That’s the outlook for the minerals and metals complex as a glut of virtually everything, from gold to oil, and from iron ore to aluminum, forces big asset value write downs and sets the scene for wholesale mine closures over the next six-to-12 months.

BHP Billiton , the world’s biggest mining company, kicked off the current round of asset-value write downs by last week wiping $2.8 billion off the value of its U.S. onshore oil and gas business. Anglo American followed suit yesterday, booking a $4 billion write-down of a Brazilian iron ore mine and a number of Australian coal assets.

There’s a lot more to come because those decisions were made before the latest plunge in commodity prices, including oil dipping back below $50 a barrel and gold dropping to a five-year low of less than $1100 an ounce.

Not So Super Cycle

By some measures the price of industrial commodities are back to where they were in 2002, the year which unofficially marked the start of a so-called “super cycle” resources boom that investors were told would keep prices “stronger for longer”.
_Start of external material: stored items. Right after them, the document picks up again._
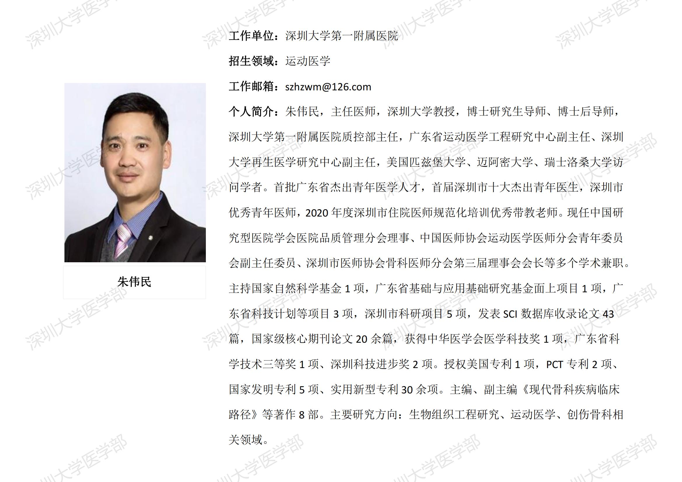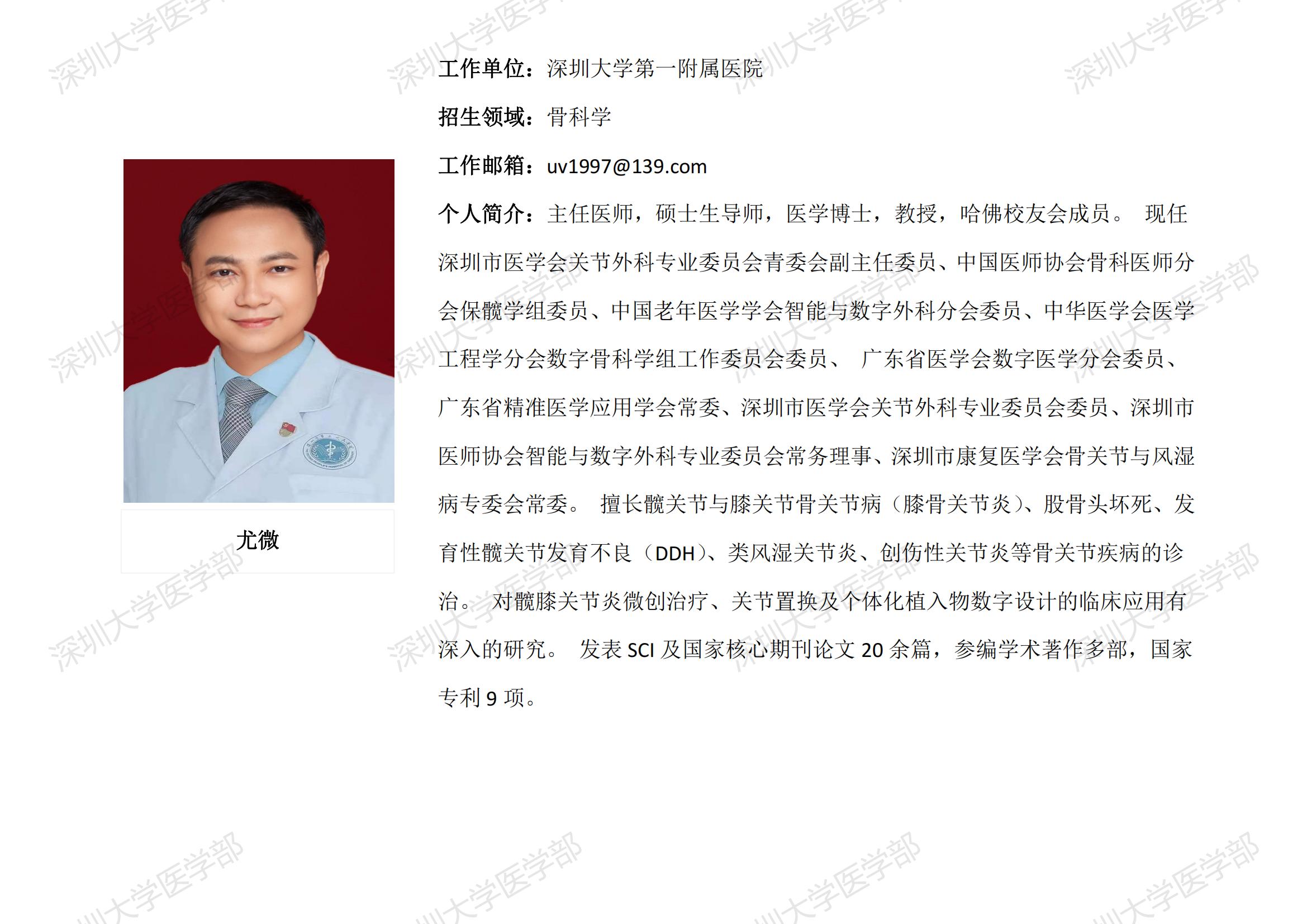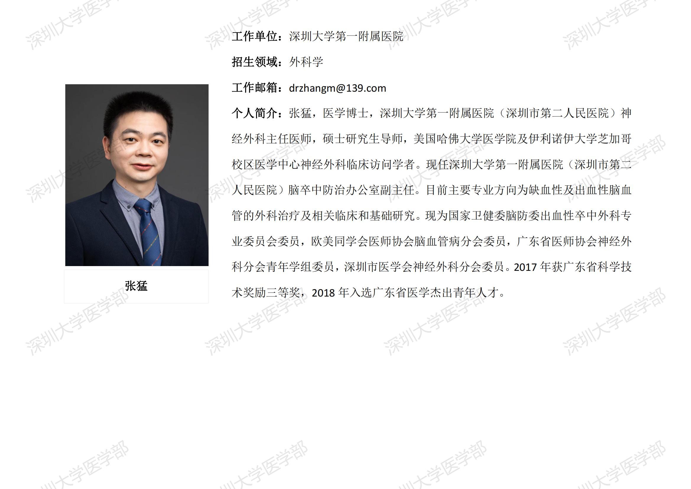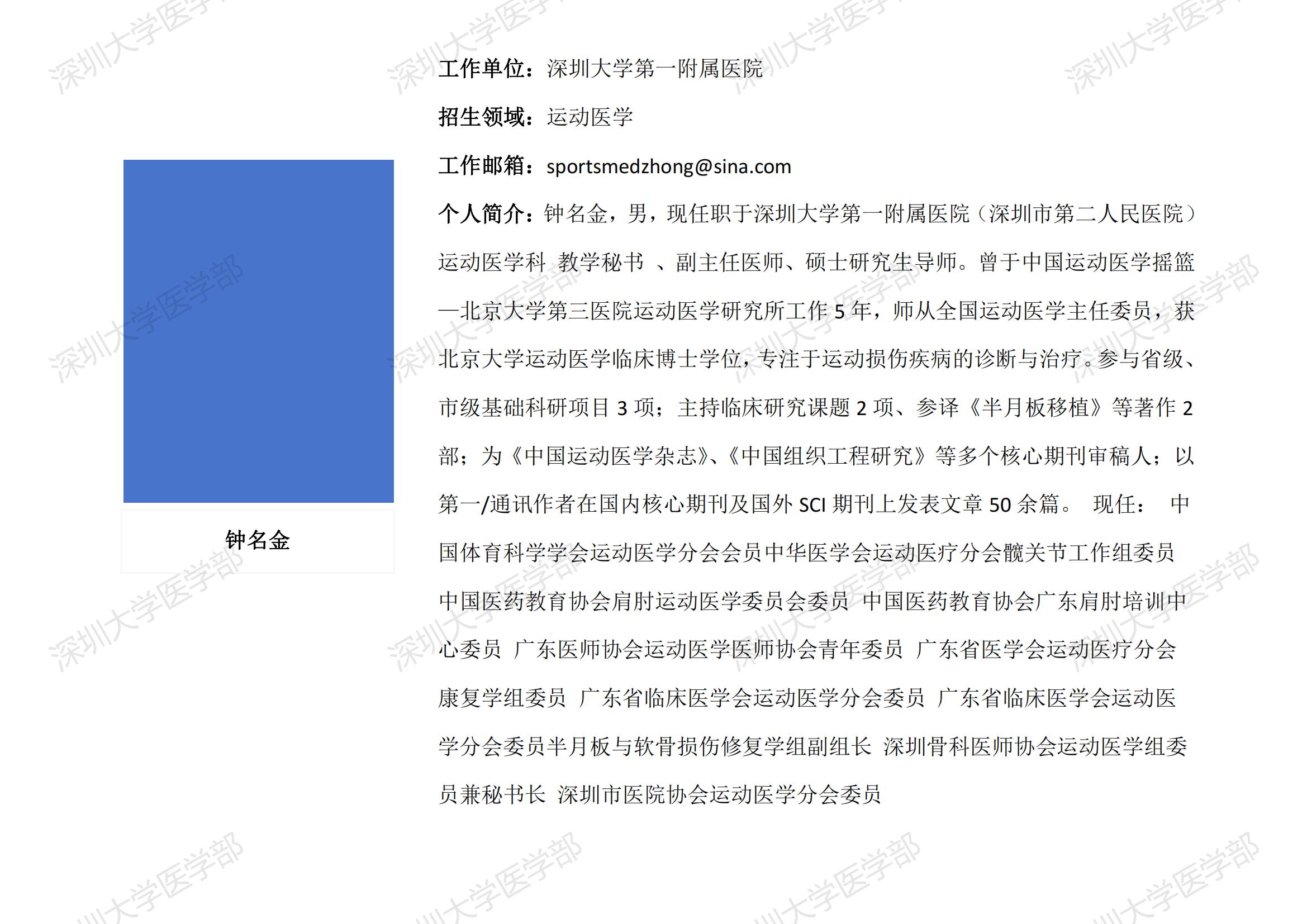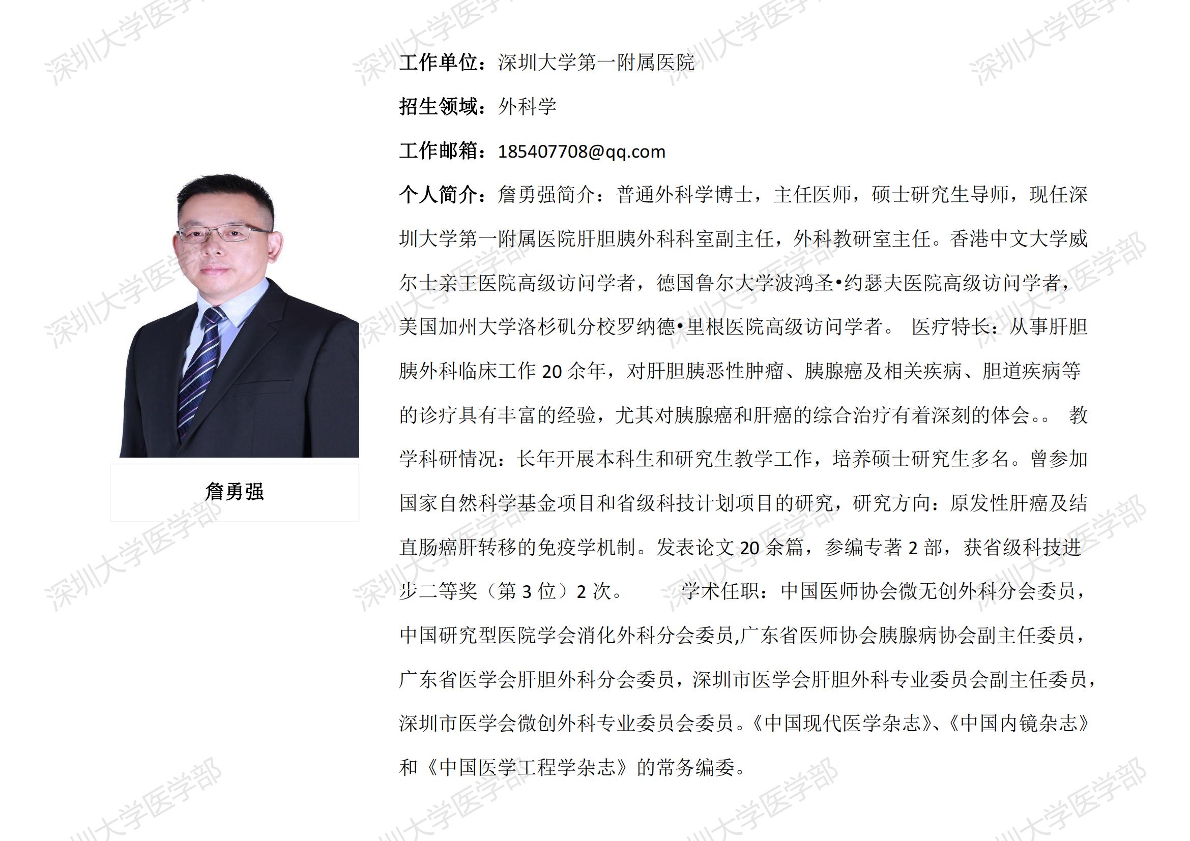 球盟会QMH(中国)官方网站 临床医学专业硕士研究生导师简介--深圳大学第一附属医院
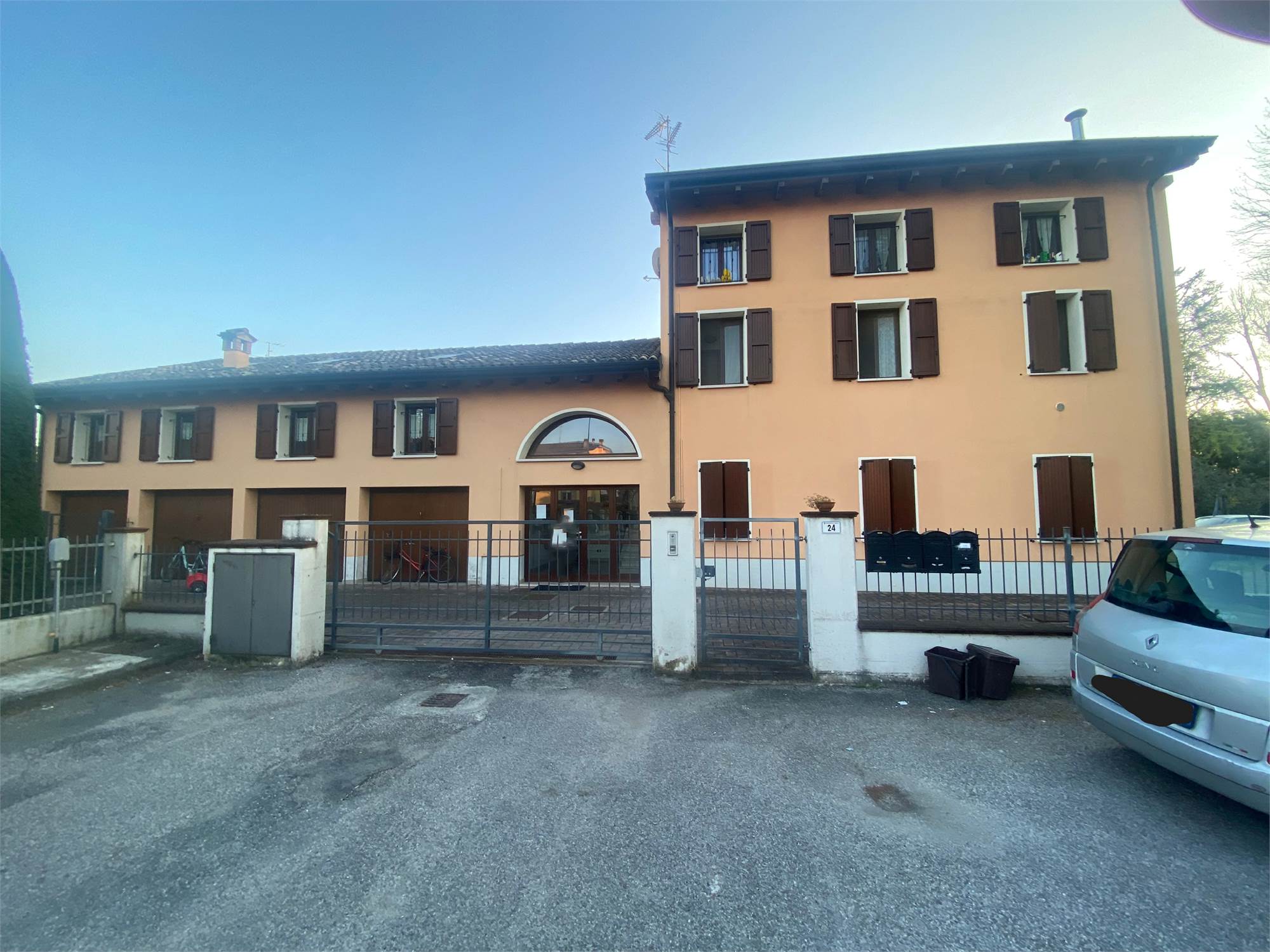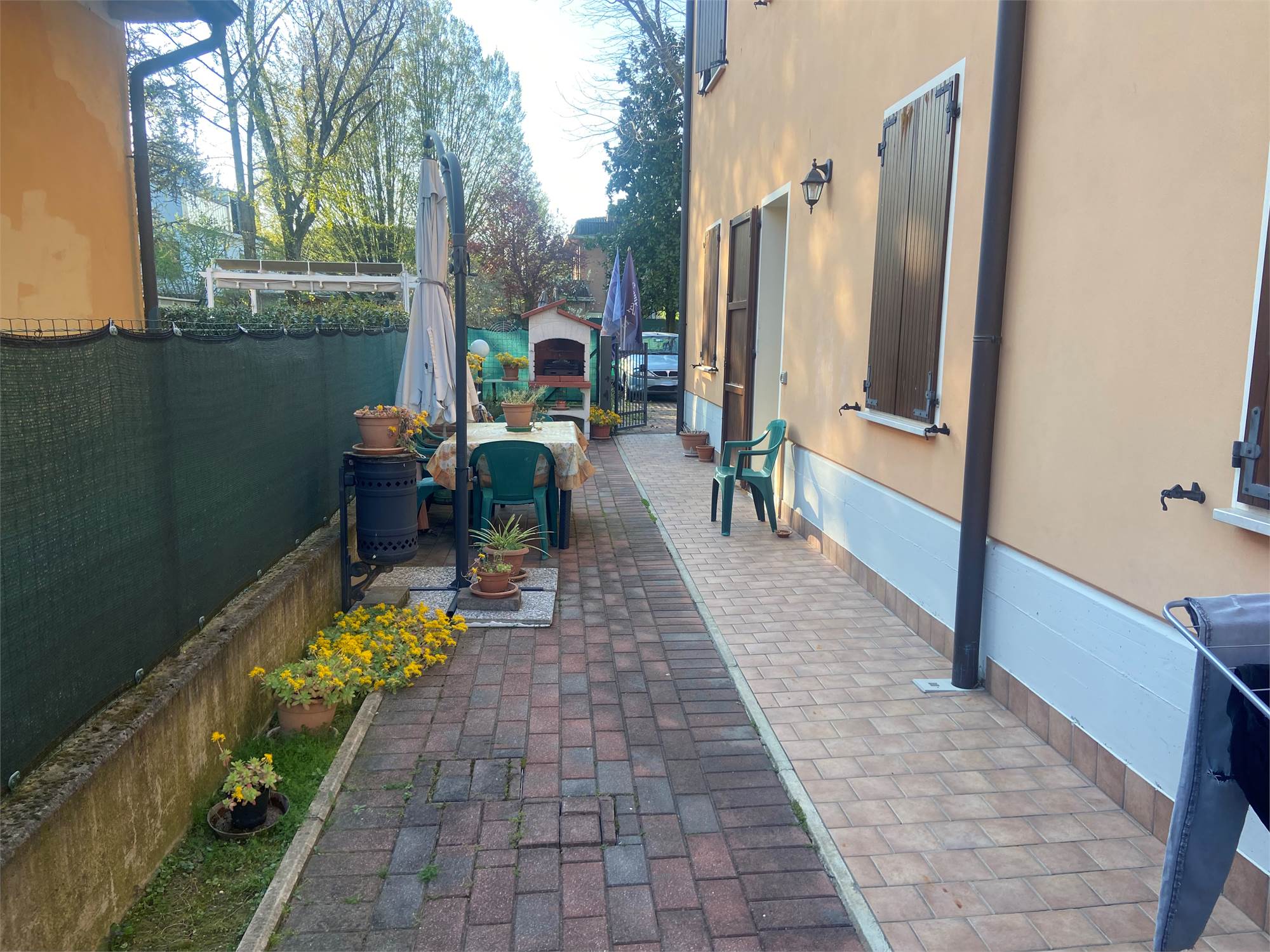 Piena proprietà di alloggio posto al piano terreno di palazzina residenziale, con autorimessa, posto auto scoperto ed area cortiliva esclusiva. L'unità è composta da soggiorno-pranzo con angolo cottura, disimpegno notte, due camere da letto, guardaroba (terza camera), servizio igienico, lavanderia (secondo bagno) ed area cortiliva esclusiva. Superficie commerciale parametrata degli immobili pari a complessivi mq. 115,00 circa; autorimessa di mq. 18,00 circa.
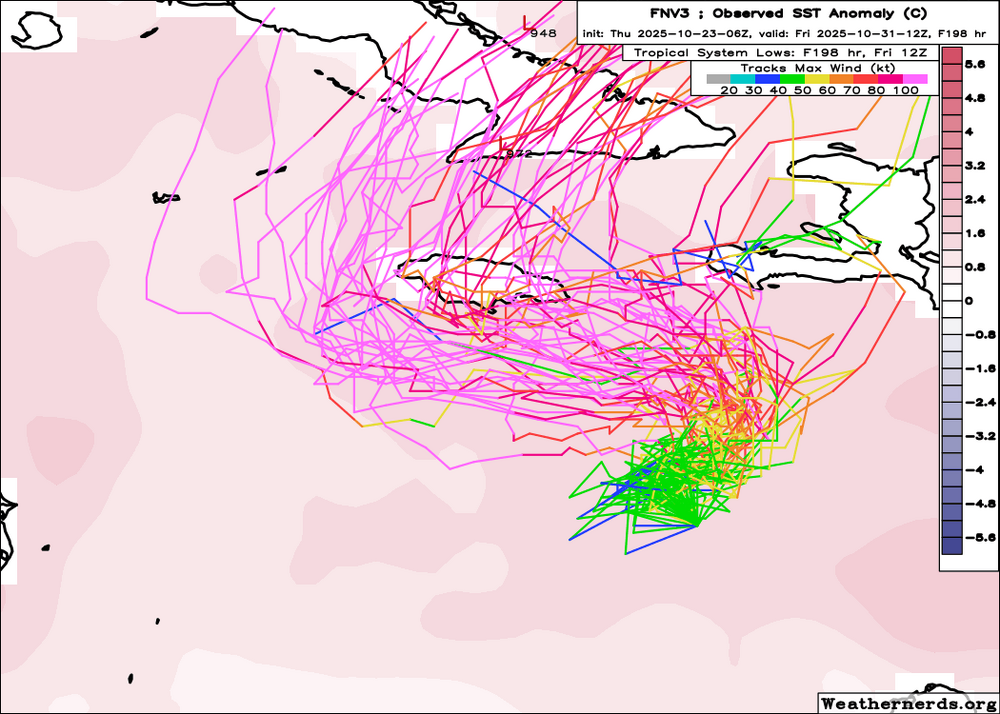There has been a northeast shift on the models overnight. The Google DeepMind ensembles have come into much better agreement that Melissa will now get pulled northeastward first before it turns west. All of yesterday's tracks that went well southwest of Jamaica are gone.
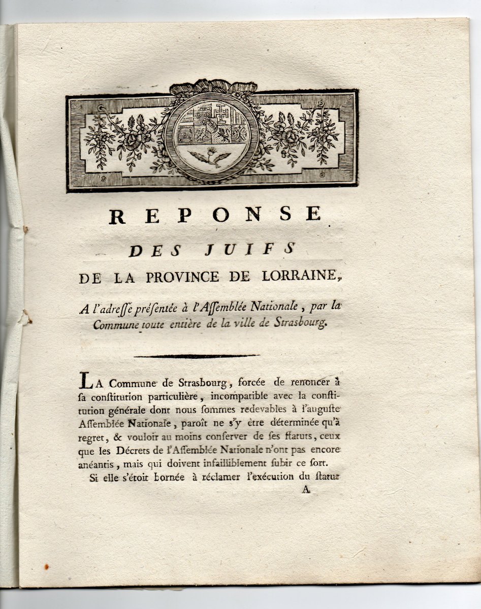 A Paris, chez P.G. Simon, 1778, 48 pp., in-4 - Mémoire contre les juifs. A Paris, L. Cellot, 1777, 43 pp., in-4 - Edit du roi portant exemption des droits de péage corporels sur les juifs. A Colmar, Jean-Henri Decker, 1784, 4 pp., in-4 - Précis pour le sieur Cerf-Berr, directeur général des fourrages militaires & conseiller de commerce de plusieurs cours d'Allemagne contre les préteurs, consuls & magistrats de la ville de Strasbourg. L. Cellot, 1787, 16 pp., in-4 - Très humble et très respectueuse adresse que présente à l'Assemblée nationale la commune, toute entière, de la ville de Strasbourg [au sujet des juifs d'Alsace]. A Strasbourg, Levrault, 14 pp., in-4 - Réponse des juifs de la province de Lorraine à l'adresse présentée à l'Assemblée nationale, par la commune toute entière de la ville de Strasbourg. 1789, 24 pp., in-8 - Lettres patentes du roi portant que les juifs connus en France sous le nom de juifs portugais, espagnols & avignonois, y jouiront des droits de citoyen actif. A Paris, de l'imprimerie royale, 1790, 2 pp., in-4 - Lettres patentes du roi portant suppression des droits d'habitation, de protection, de tolérance & de redevances semblables sur les juifs. A Paris, de l'imprimerie royale, 1790, 3 pp., in-4 - Proclamation du roi sur un décret de l'assemblée nationale concernant les juifs. A Paris, de l'imprimerie royale, 1790, 2 pp., in-4.
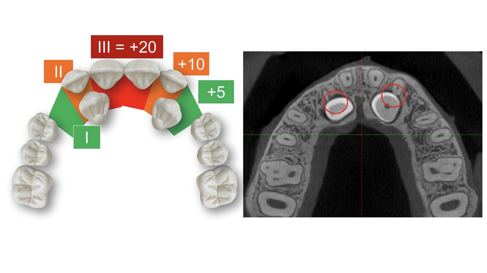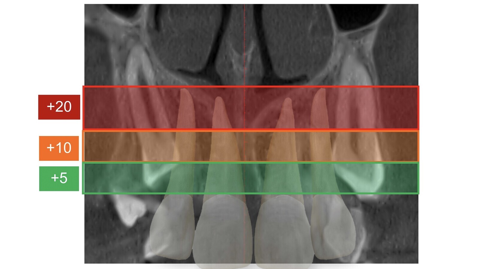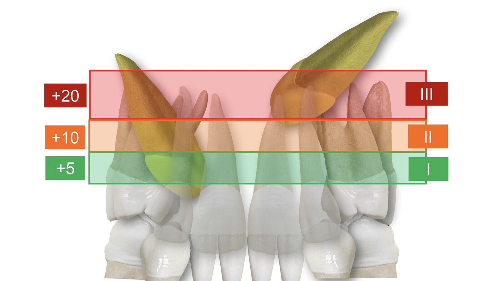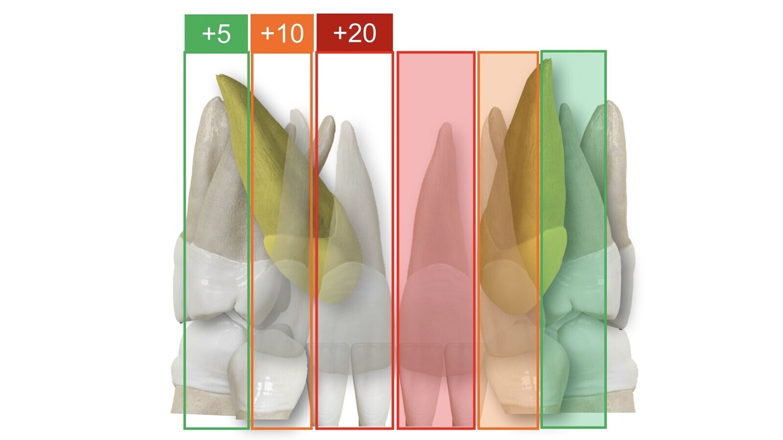 Figura 7. El pronóstico empeora a medida que el canino se aleja de las coronas incisivas en dirección apical. El gráfico indica la posición de la corona del canino respecto a la línea media, de mejor (distal) en verde, a peor (mesial y cerca de la línea media) en rojo.

It now seems that the commodity boom was nothing more than a slightly longer and slightly larger conventional supply/demand cycle with the problem being that too many people believed the stronger for longer claim which, in turn, led to chronic over-investment in new supply.
The only known cure for over-investment in commodities is to remove high cost material from the equation and that means the wholesale closure of mines and mineral processing plants and the potential failure of companies carrying excess debt as the downturn bites.

Coal First In, Maybe First Out

Coal miners were first into the downturn, with the price of their commodity bitten by the forces of excess supply and a worldwide push to limit the use of the most polluting of fossil fuels.